_YOUR OBJECTIVE:_
Starting at the first line of the data and ending at the line with "- Ананас (380", copy each line exactly. Include both of those lines, but no pictures.

Stored items from a collection
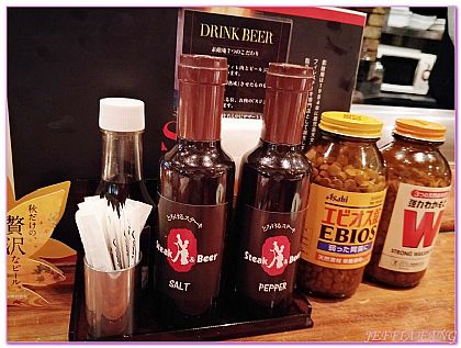 好~先簡單介紹『素敵庵Sutekian 』在東京有一家,鹿兒島有兩間店1.中央車站、2.本店,傑菲亞娃是到離天文通僅200公尺的本店,從店招牌上秀著Stean & Bear不難看出美食風格。「素敵庵」正式的英文名稱為「Steak&Beer Lovely An」,除了好吃的和牛外最令人驚豔的便是那700CC的德國啤酒,據說最大的有1.3公升ㄋ,其他像是紅白酒也很不錯,總之配牛排的「元素酒」店家都有。
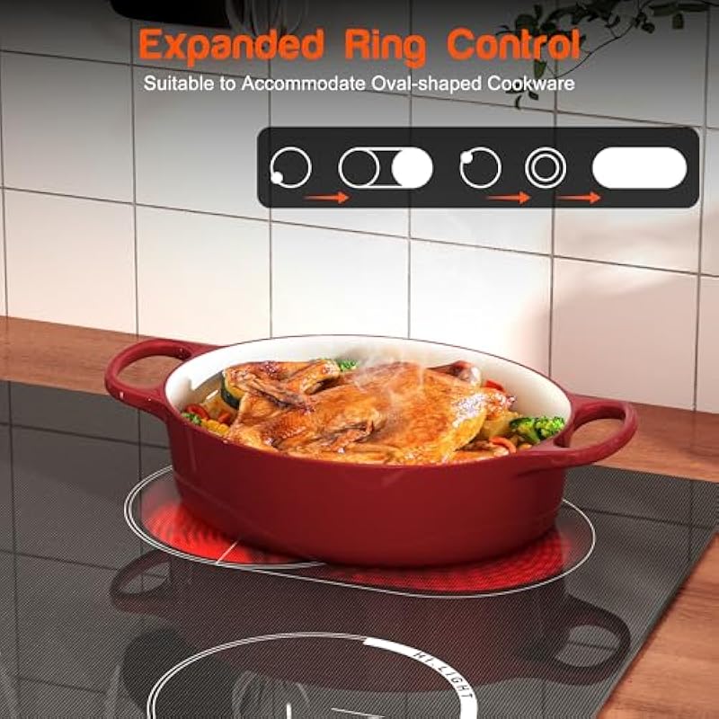- 🐸【Dynamic Expanded Zones】 Among the standout features of this electric cooktop is its Oval Zone functionality. It combines two separate heating elements into one, allowing for the flexibility to use large cookware such as a griddle or fish steamer or smaller pots and pans according to your needs. This feature significantly enhances the cooktop’s versatility, enabling you to effortlessly switch between cooking methods and catering to a range of recipes, from simmering sauces on a low heat to quick searing on high heat.
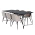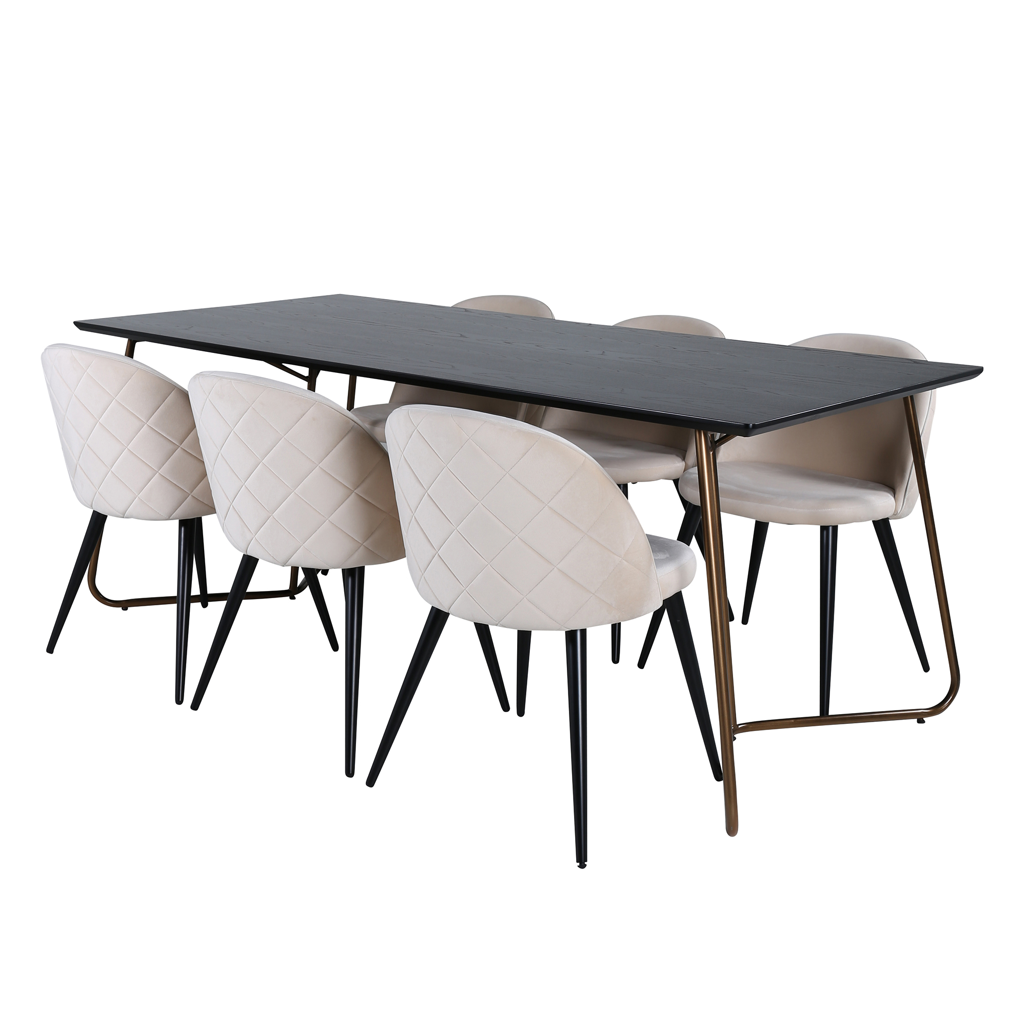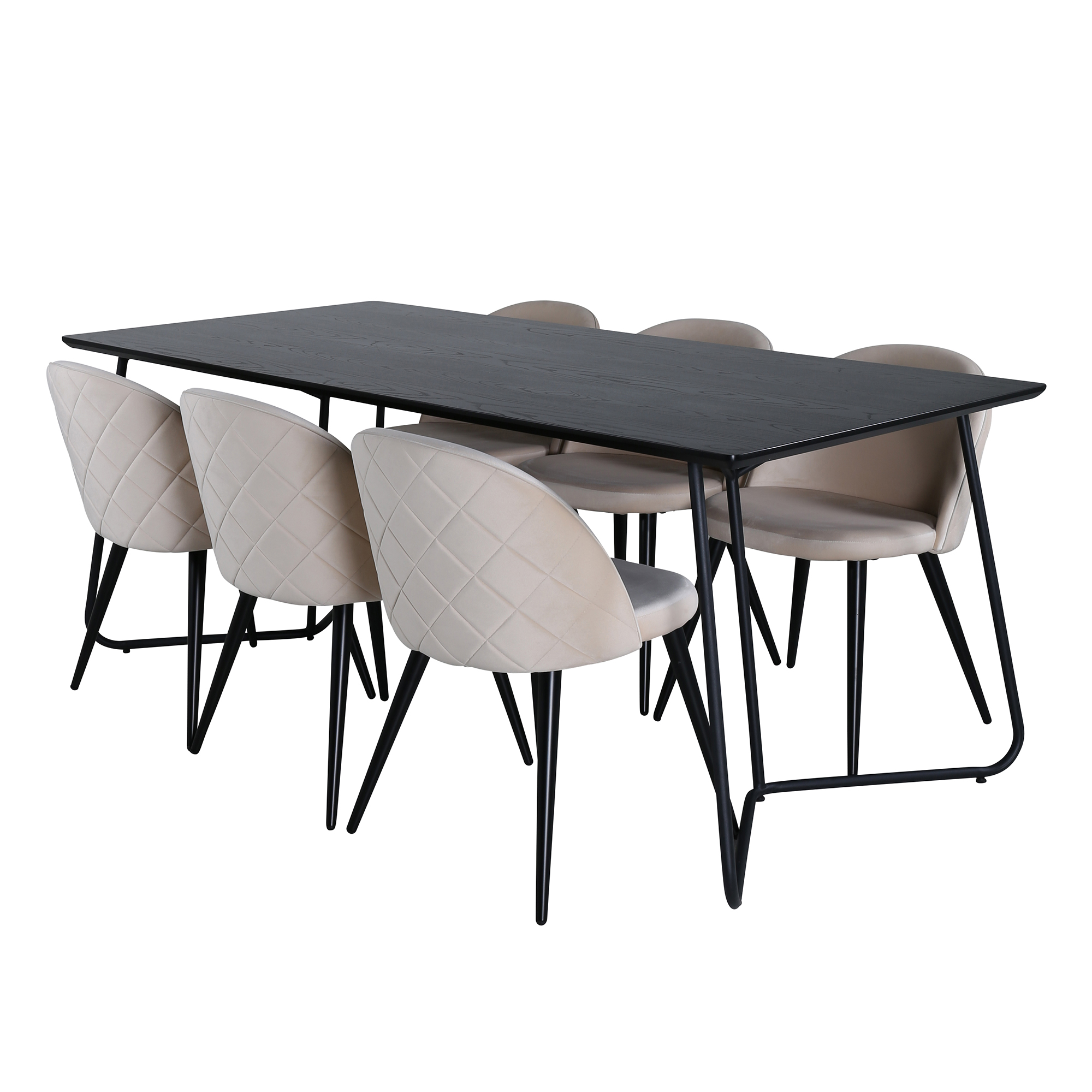 Matgrupp Annika från Venture Home. Med ett matbord i svart MDF med faner med svarta bordsben i järn. Matchas med 6 st Valentina stitcthes matstolar med dekorsöm och med svarta stolsben i järn och beigea sitsar i sammet.
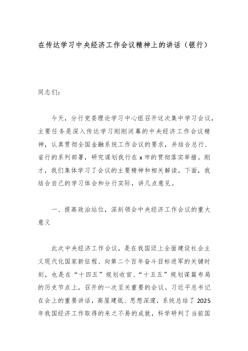 首页讲课讲稿在传达学习中央经济工作会议精神上的讲话(银行)
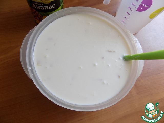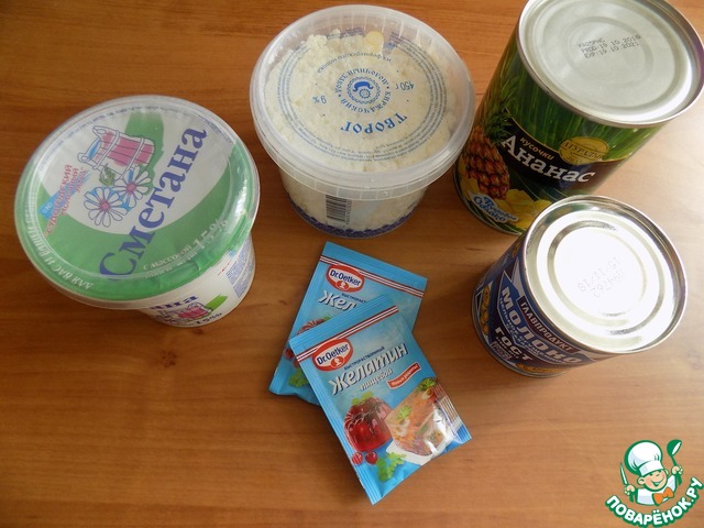 - Ананас (380 г в сиропе, можно взять и персики, и абрикосы тоже в сиропе) — 1 бан.
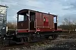The three ex-British Rail Mk1 carriages are used for the passenger trains. They were used on the Kings Cross suburban lines. They wear BR Midland Maroon Livery.[27] They were preserved by the Bluebell Railway between 1973 and 1975, and were obtained by the museum in 1986.[11][12][13]

_EXERCISE ANSWER:_
 好~先簡單介紹『素敵庵Sutekian 』在東京有一家,鹿兒島有兩間店1.中央車站、2.本店,傑菲亞娃是到離天文通僅200公尺的本店,從店招牌上秀著Stean & Bear不難看出美食風格。「素敵庵」正式的英文名稱為「Steak&Beer Lovely An」,除了好吃的和牛外最令人驚豔的便是那700CC的德國啤酒,據說最大的有1.3公升ㄋ,其他像是紅白酒也很不錯,總之配牛排的「元素酒」店家都有。
- 🐸【Dynamic Expanded Zones】 Among the standout features of this electric cooktop is its Oval Zone functionality. It combines two separate heating elements into one, allowing for the flexibility to use large cookware such as a griddle or fish steamer or smaller pots and pans according to your needs. This feature significantly enhances the cooktop’s versatility, enabling you to effortlessly switch between cooking methods and catering to a range of recipes, from simmering sauces on a low heat to quick searing on high heat.
 Matgrupp Annika från Venture Home. Med ett matbord i svart MDF med faner med svarta bordsben i järn. Matchas med 6 st Valentina stitcthes matstolar med dekorsöm och med svarta stolsben i järn och beigea sitsar i sammet.
 首页讲课讲稿在传达学习中央经济工作会议精神上的讲话(银行)
 - Ананас (380 г в сиропе, можно взять и персики, и абрикосы тоже в сиропе) — 1 бан.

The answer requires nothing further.